Projeto Menos Plástico é Mais: entrevista com professoras Valéria Pereira e Giselle Correa da Silva

O Espaço Ciência Viva agradece a participação de Valéria Pereira e Giselle Correa da Silva, professoras no CEFET/RJ, Centro Federal de Educação Tecnológica Celso Suckow da Fonseca, no Rio de Janeiro, em entrevista sobre o projeto que participam: MPEM, Menos Plástico é Mais, respondendo sobre o trabalho que realizam à luz da Década do Oceano que estamos. O projeto Menos Plástico é Mais propõe a coleta de lixo das praias da cidade do Rio de Janeiro, sua separação, reciclagem e a utilização de resíduos plásticos na construção civil.

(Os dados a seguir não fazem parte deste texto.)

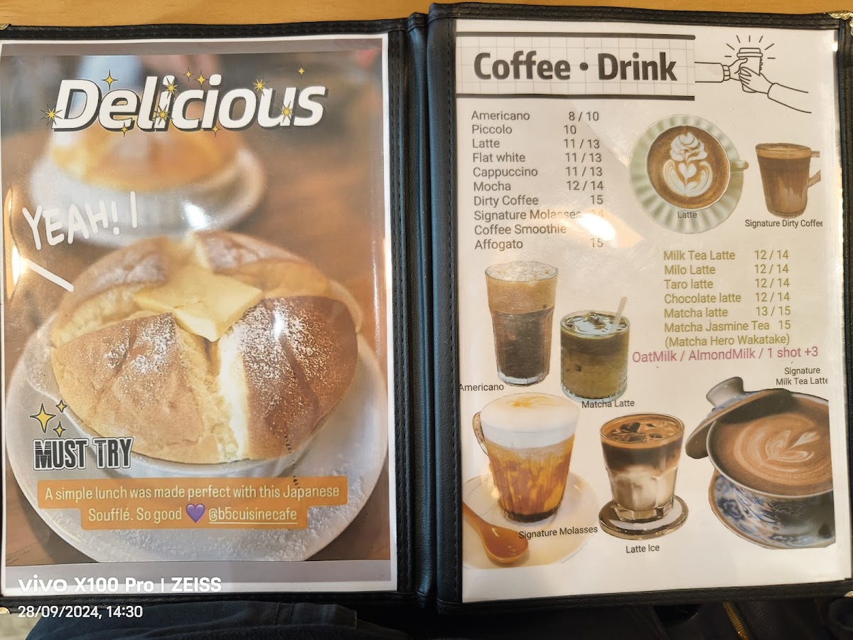 Welcome to B5 Cuisine Cafe, a cozy gem nestled in Kampung Batu, Kuala Lumpur. This cafe blends a warm atmosphere with a diverse menu that invites you to indulge in delightful culinary experiences. Highlighting the comfort of home-cooked meals, the Katsu Curry Rice, featuring homemade karaage paired with rich Japanese curry, is a must-try at just MYR 18.00. For pasta lovers, the Aglio Olio, available in spicy and non-spicy versions, offers a perfect harmony of garlic, olive oil, fresh broccoli, and cherry tomatoes. Customers rave about the friendly service and inviting ambiance, making it the ideal spot to unwind. Desserts like the Japanese Souffle and unique Oden Oden Cake promise to cap off your meal sweetly. With quick service and consistently delicious dishes, B5 Cuisine Cafe is more than just a meal; it’s an experience you'll want to revisit.

Giselle Correa da Silva cursou bacharelado e licenciatura em química na Universidade Federal Rural do Rio de Janeiro, e mestrado e doutorado em química na UFRJ (Universidade Federal do Rio de Janeiro. É professora do CEFET/RJ e há 5 anos e trabalha com o projeto Menos Plástico é mais, junto com outros projetos na coordenação de Química.

 Valéria Pereira cursou licenciatura em Química e mestrado em química orgânica na UFRRJ. Seu doutorado na área de Química de Produtos Naturais foi realizado na UFRJ. Professora do CEFET/RJ, do campus Maracanã desde 2014. Atua no projeto Menos Plástico é Mais em parceria com a professora Giselle.

ECV: O projeto Menos Plástico é Mais já existe há alguns anos. Vocês mantêm uma base de dados que ajude a estimar quanto lixo já recolheram durante esse tempo, e vocês têm alguma avaliação do tipo de lixo que mais encontram?

Gisele: Temos uma base sim, e todo mutirão de limpeza alimenta esse banco de dados. 

Já coletamos 14161 bitucas de cigarro, pois em cada ida à praia recolhemos cerca de 3000-4000 bitucas, recolhemos também cerca de 1200 tampinhas plásticas, mais de 1200 embalagens inteiras e 1800 canudinhos.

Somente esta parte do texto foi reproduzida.